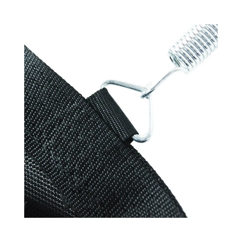 Po obvode má rovnomerne rozložené silné kovové háčiky na uchytenie pružín. Aby bola zaistená max. možná bezpečnosť, sú úchyty háčikov 8x prešité. Optimálne zvolený priemer samotnej skákacej plochy pasuje na väčšinu trampolín daného rozmeru.
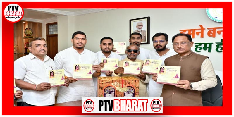 PTV BHARAT 06 NOV 2025 मुख्यमंत्री विष्णु देव साय से विगत दिवस राजधानी रायपुर स्थित मुख्यमंत्री निवास कार्यालय में प्यारे श्री राधाकृष्ण संस्कार मंच, जामुल के प्रतिनिधिमण्डल ने सौजन्य भेंट की। इस अवसर पर मुख्यमंत्री साय ने आगामी श्री रामकथा कार्यक्रम हेतु तैयार किए गए पोस्टर एवं कैलेंडर का विधिवत विमोचन किया।प्रतिनिधिमण्डल ने मुख्यमंत्री साय को बताया कि श्री रामकथा का आयोजन 28 दिसंबर 2025 से 06 जनवरी 2026 तक दुर्ग जिले के जामुल नगर में किया जाएगा। प्रतिनिधिमण्डल ने मुख्यमंत्री साय को इस पावन आयोजन में सादर आमंत्रित किया।मुख्यमंत्री साय ने आमंत्रण के लिए प्यारे राधाकृष्ण संस्कार मंच, जामुल के सदस्यों का हृदय से आभार व्यक्त किया एवं आयोजन की सफलता हेतु शुभकामनाएँ दीं।
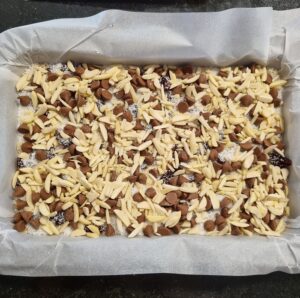 - Sprinkle in layers the chocolate bits, sultanas, coconut and almonds.
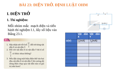 KIỂM TRA THƯỜNG XUYÊN Câu 1: Nêu đ nh ị nghĩa và bi u ể th c ứ xác đ n ị h cư n ờ g đ dò ộ ng đi n . ệ Đáp án: Cư n ờ g đ dò ộ ng đi n l ệ à đ i ạ lư ng ợ đ c ặ tr n ư g cho tác d ng ụ m n ạ h y u c ế a ủ dòng đi n và ệ đư c ợ xác đ nh b ị n ằ g bi u ể th c: ứ q I t Câu 2: Vi t ế bi u t ể h c ứ liên h ệ gi a ữ cư ng ờ đ dò ộ ng đi n t ệ rong dây dẫn kim lo i ạ v i ớ m t ậ đ ộ h t ạ mang đi n ệ và t c ố đ d ộ ch c ị huy n ể có hư ng c ớ a ủ các h t ạ mang đi n ệ : Đáp án: I S nve BÀI 23: ĐI N Ệ TR . Ở Đ N Ị H LU T Ậ OHM BÀI 23: ĐIỆN TR . Ở Đ N Ị H LU T Ậ OHM I. ĐIỆN TRỞ 1. Thí nghi m ệ : M i ỗ nhóm m c ắ m c ạ h đi n và ệ ti n ế hành thí nghi m ệ I.1, l y s ấ l ố i u và ệ o B ng 23.1. ả Vật dẫn Vật dẫn X Y U(V) I (mA) I (mA) 1 2 BÀI 23: ĐIỆN TR . Ở Đ N Ị H LU T Ậ OHM I. ĐIỆN TRỞ 2. Đ n ị h nghĩa đi n ệ tr . ở Đi n t ệ r l ở à đ i ạ lư n ợ g đ c ặ tr ng ư cho m c ứ đ c ộ n t ả r dòng đi ở n ệ của v t ậ d n ẫ . Đi n t ệ r ở kí hi u ệ là R. U R I Đ n v ơ ị là Ohm (Ôm) kí hi u l ệ à
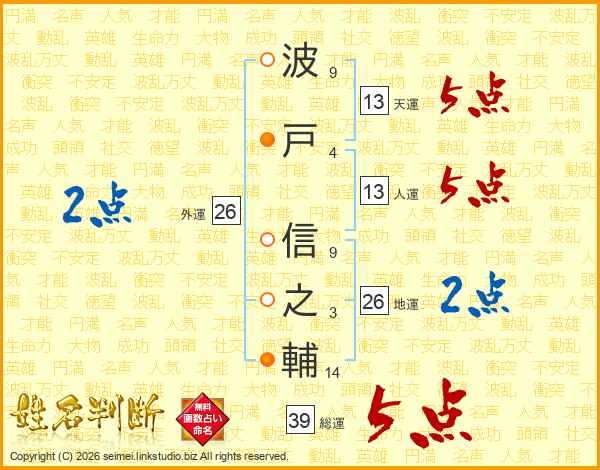 波(9画)戸(4画) 信(9画)之(3画)輔(14画)
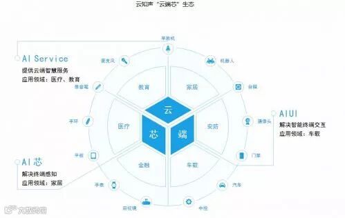 成立于2012年的知声是一家专注物联网人工智能服务公司。云知声利用机器学习平台(深度学习、增强学习、贝叶斯学习),在语音技术、语言技术、知识计算、大数据分析等领域建立了领先的核心技术体系,这些技术共同构成了云知声完整的人工智能技术图谱。在应用层面, AI芯、AIUI、AI Service三大解决方案支撑起云知声核心技术的落地和实现,已经在家居、车载、医疗和教育等领域有广泛应用,形成了完整的“云端芯”生态闭环。
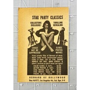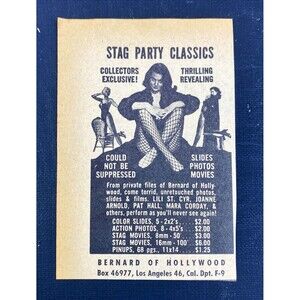 Bernard of Hollywood "Stag Party Classics" Los Angeles, CA., Vintage Print Ad 1956 Railroad Magazine October 1956 About 3 x 4.5 Inches. Carefully shipped.
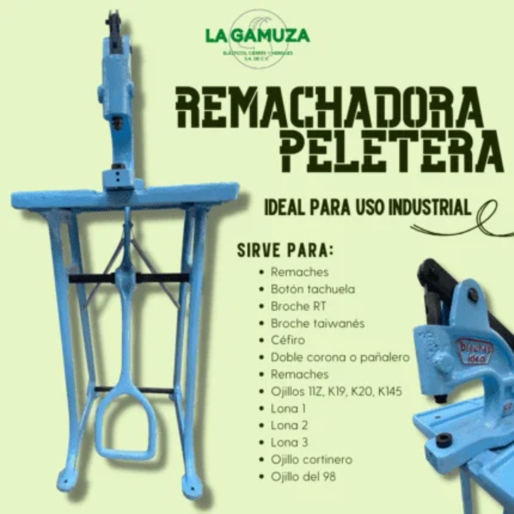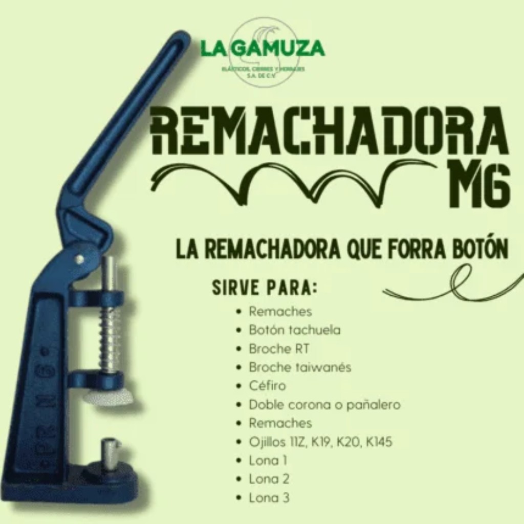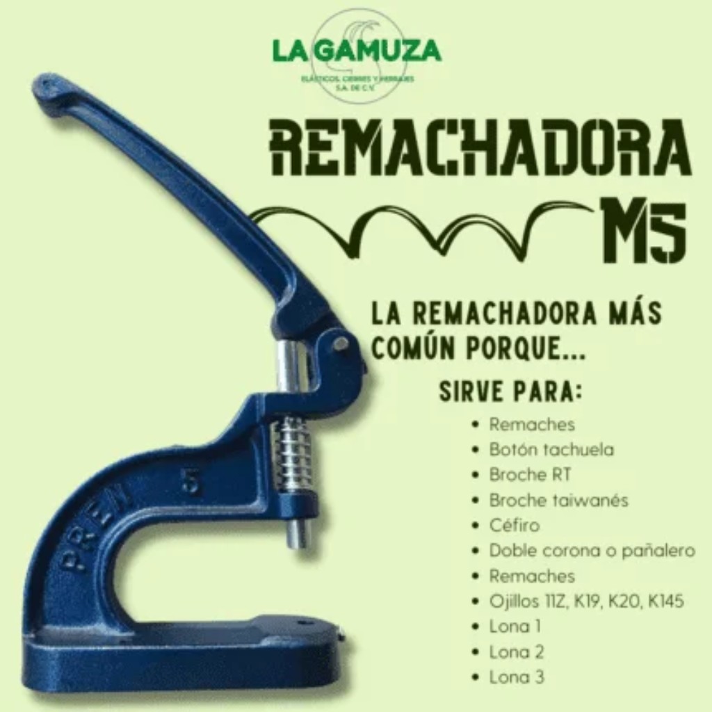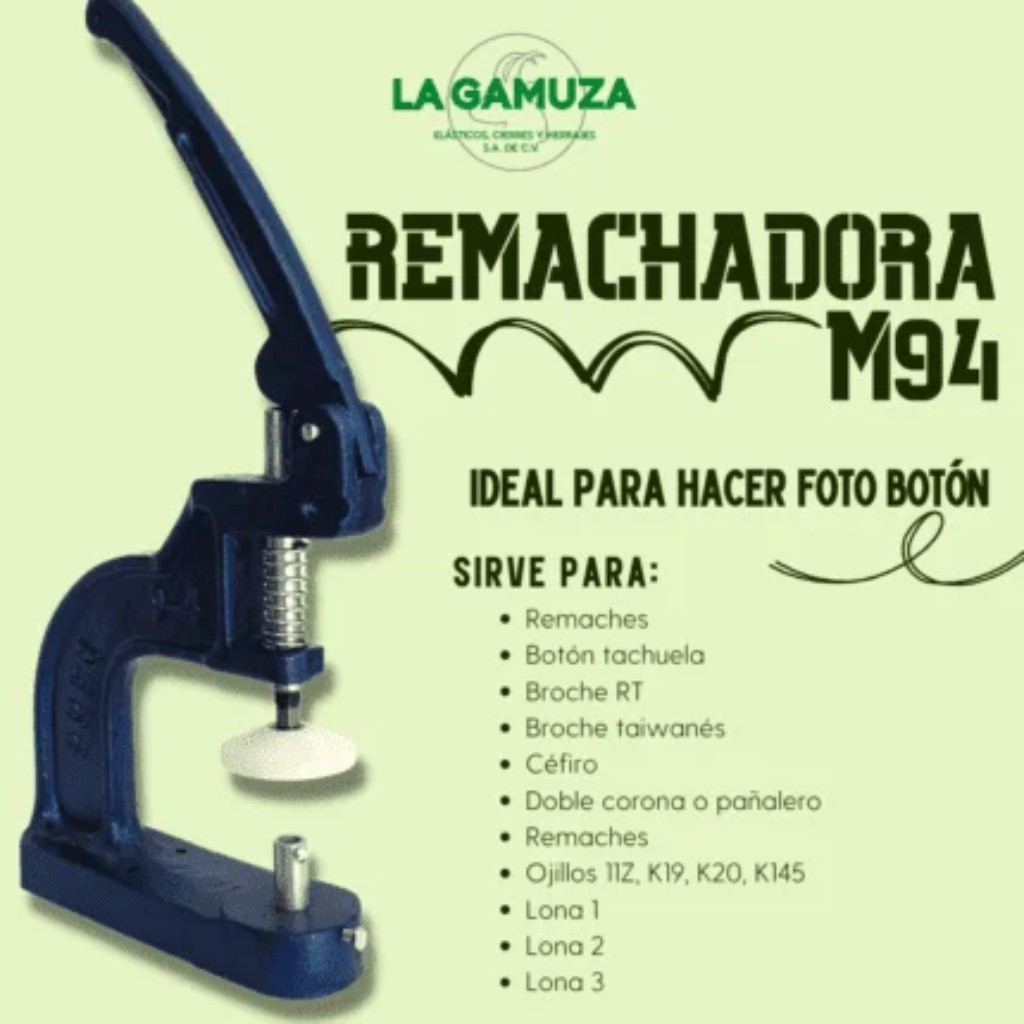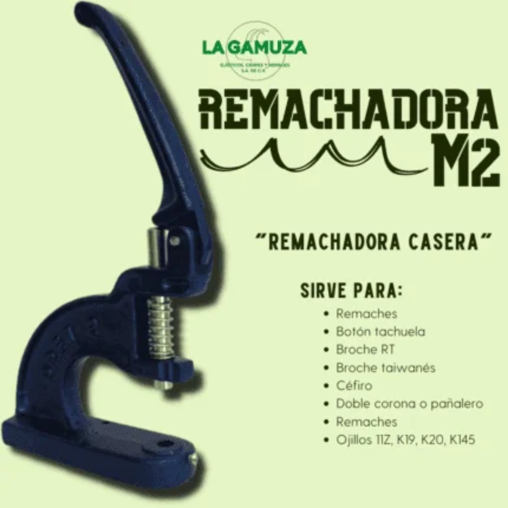- Funciona bien para colocar remaches, botón tachuela, broche RT, broche taiwanés, céfiro, doble corona o pañalero y ojillos de tamaños 11Z, K19, K20, y K145.
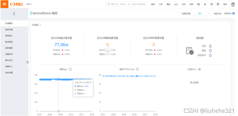 - 完备的实时监控:Sentinel 同时提供实时的监控功能。您可以在控制台中看到接入应用的单台机器秒级数据,甚至 500 台以下规模的集群的汇总运行情况。
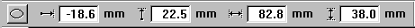 In the parameter bar on top the coordinates of the center point and the maximum length and width of the ellipse are displayed. By clicking and overwriting you can input the position and size of the ellipse numerically. Altering the parameter takes effect after the confirmation with return.
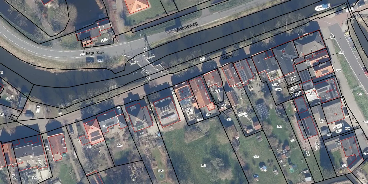 Het perceel waarop Neck 8 staat heeft een oppervlakte van 213 m². Dit is een middelgroot perceel. De perceeloppervlakte wordt geregistreerd door het Kadaster. Gedetailleerde informatie over de maten van dit perceel kunt u vinden in het rapport Kadastrale kaart met maatvoering van Neck 8.
• • • • •
#### [What you need to do]
Copy all of the data word for word, and keep the pictures out of it.

#### [Written answer]
 Po obvode má rovnomerne rozložené silné kovové háčiky na uchytenie pružín. Aby bola zaistená max. možná bezpečnosť, sú úchyty háčikov 8x prešité. Optimálne zvolený priemer samotnej skákacej plochy pasuje na väčšinu trampolín daného rozmeru.
 PTV BHARAT 06 NOV 2025 मुख्यमंत्री विष्णु देव साय से विगत दिवस राजधानी रायपुर स्थित मुख्यमंत्री निवास कार्यालय में प्यारे श्री राधाकृष्ण संस्कार मंच, जामुल के प्रतिनिधिमण्डल ने सौजन्य भेंट की। इस अवसर पर मुख्यमंत्री साय ने आगामी श्री रामकथा कार्यक्रम हेतु तैयार किए गए पोस्टर एवं कैलेंडर का विधिवत विमोचन किया।प्रतिनिधिमण्डल ने मुख्यमंत्री साय को बताया कि श्री रामकथा का आयोजन 28 दिसंबर 2025 से 06 जनवरी 2026 तक दुर्ग जिले के जामुल नगर में किया जाएगा। प्रतिनिधिमण्डल ने मुख्यमंत्री साय को इस पावन आयोजन में सादर आमंत्रित किया।मुख्यमंत्री साय ने आमंत्रण के लिए प्यारे राधाकृष्ण संस्कार मंच, जामुल के सदस्यों का हृदय से आभार व्यक्त किया एवं आयोजन की सफलता हेतु शुभकामनाएँ दीं।
 - Sprinkle in layers the chocolate bits, sultanas, coconut and almonds.
 KIỂM TRA THƯỜNG XUYÊN Câu 1: Nêu đ nh ị nghĩa và bi u ể th c ứ xác đ n ị h cư n ờ g đ dò ộ ng đi n . ệ Đáp án: Cư n ờ g đ dò ộ ng đi n l ệ à đ i ạ lư ng ợ đ c ặ tr n ư g cho tác d ng ụ m n ạ h y u c ế a ủ dòng đi n và ệ đư c ợ xác đ nh b ị n ằ g bi u ể th c: ứ q I t Câu 2: Vi t ế bi u t ể h c ứ liên h ệ gi a ữ cư ng ờ đ dò ộ ng đi n t ệ rong dây dẫn kim lo i ạ v i ớ m t ậ đ ộ h t ạ mang đi n ệ và t c ố đ d ộ ch c ị huy n ể có hư ng c ớ a ủ các h t ạ mang đi n ệ : Đáp án: I S nve BÀI 23: ĐI N Ệ TR . Ở Đ N Ị H LU T Ậ OHM BÀI 23: ĐIỆN TR . Ở Đ N Ị H LU T Ậ OHM I. ĐIỆN TRỞ 1. Thí nghi m ệ : M i ỗ nhóm m c ắ m c ạ h đi n và ệ ti n ế hành thí nghi m ệ I.1, l y s ấ l ố i u và ệ o B ng 23.1. ả Vật dẫn Vật dẫn X Y U(V) I (mA) I (mA) 1 2 BÀI 23: ĐIỆN TR . Ở Đ N Ị H LU T Ậ OHM I. ĐIỆN TRỞ 2. Đ n ị h nghĩa đi n ệ tr . ở Đi n t ệ r l ở à đ i ạ lư n ợ g đ c ặ tr ng ư cho m c ứ đ c ộ n t ả r dòng đi ở n ệ của v t ậ d n ẫ . Đi n t ệ r ở kí hi u ệ là R. U R I Đ n v ơ ị là Ohm (Ôm) kí hi u l ệ à
 波(9画)戸(4画) 信(9画)之(3画)輔(14画)
 成立于2012年的知声是一家专注物联网人工智能服务公司。云知声利用机器学习平台(深度学习、增强学习、贝叶斯学习),在语音技术、语言技术、知识计算、大数据分析等领域建立了领先的核心技术体系,这些技术共同构成了云知声完整的人工智能技术图谱。在应用层面, AI芯、AIUI、AI Service三大解决方案支撑起云知声核心技术的落地和实现,已经在家居、车载、医疗和教育等领域有广泛应用,形成了完整的“云端芯”生态闭环。
 Bernard of Hollywood "Stag Party Classics" Los Angeles, CA., Vintage Print Ad 1956 Railroad Magazine October 1956 About 3 x 4.5 Inches. Carefully shipped.
- Funciona bien para colocar remaches, botón tachuela, broche RT, broche taiwanés, céfiro, doble corona o pañalero y ojillos de tamaños 11Z, K19, K20, y K145.
 - 完备的实时监控:Sentinel 同时提供实时的监控功能。您可以在控制台中看到接入应用的单台机器秒级数据,甚至 500 台以下规模的集群的汇总运行情况。
 In the parameter bar on top the coordinates of the center point and the maximum length and width of the ellipse are displayed. By clicking and overwriting you can input the position and size of the ellipse numerically. Altering the parameter takes effect after the confirmation with return.
 Het perceel waarop Neck 8 staat heeft een oppervlakte van 213 m². Dit is een middelgroot perceel. De perceeloppervlakte wordt geregistreerd door het Kadaster. Gedetailleerde informatie over de maten van dit perceel kunt u vinden in het rapport Kadastrale kaart met maatvoering van Neck 8.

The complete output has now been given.